CrossFS is a direct-access cross-layered file system with support for concurrency. CrossFS comprises of a user-level component (libfs) and device-level component emulated using kernel (crfs) with the OS component spread across crfs and some parts of the VFS.
The user-level component intercepts I/O calls, converts them to device-specifc nvme-based commands (VFIO), and sends request and response through shared DMA-able memory regions. The user-level component also creates per-file FD-queues to dispatch requests across queues.

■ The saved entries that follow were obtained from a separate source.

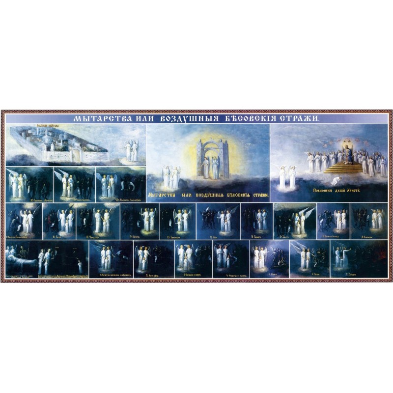 Для истязания душ, проходящих воздушное пространство, установлены темными властями отдельные судилища и стражи в замечательном порядке. По слоям поднебесной, от земли до самого неба, стоят сторожевые полки падших духов. Каждое отделение заведывает особенным видом греха и истязывает в нем душу, когда душа достигнет этого отделения. Воздушные бесовские стражи и судилища называются в отеческих писаниях мытарствами, а духи, служащие в них, – мытарями’’.
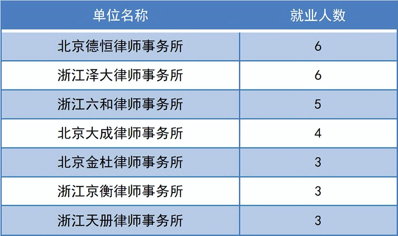 2019届浙江大学法学院毕业生就职律所分布
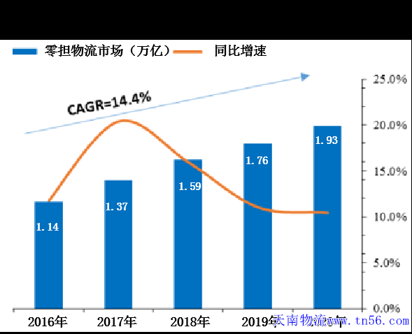 專家預測,到2020年,零擔物流(即專線物流)行業市場體量將達到近2萬億元。從2016年開始,整個市場都在以10%以上的速度在增長,發展前景十分廣闊。
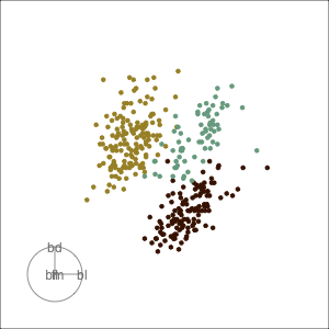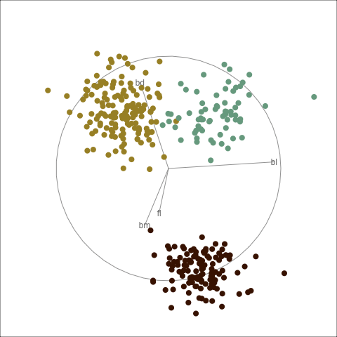 • LDA/PDA: An index based on the linear discriminant dimension reduction (and penalised), optimised by projections where the named classes are most separated.

The firmware-level component (fs/crfs) provides a firmware-level file system that processes the request in parallel when possible. The firmware file system (ffs) also implements a scheduler to prioritize blocking operations.
CrossFS has several components and depdent libraries (see the code structure below).
├── libfs # userspace library (LibFS)
├── libfs/scripts # scripts to mount CrossFS and microbenchmark scripts
├── libfs/benchmark # microbenchmark executables
├── kernel/linux-4.8.12 # Linux kernel
├── kernel/linux-4.8.12/fs/crfs # emulated device firmware file system (FirmFS)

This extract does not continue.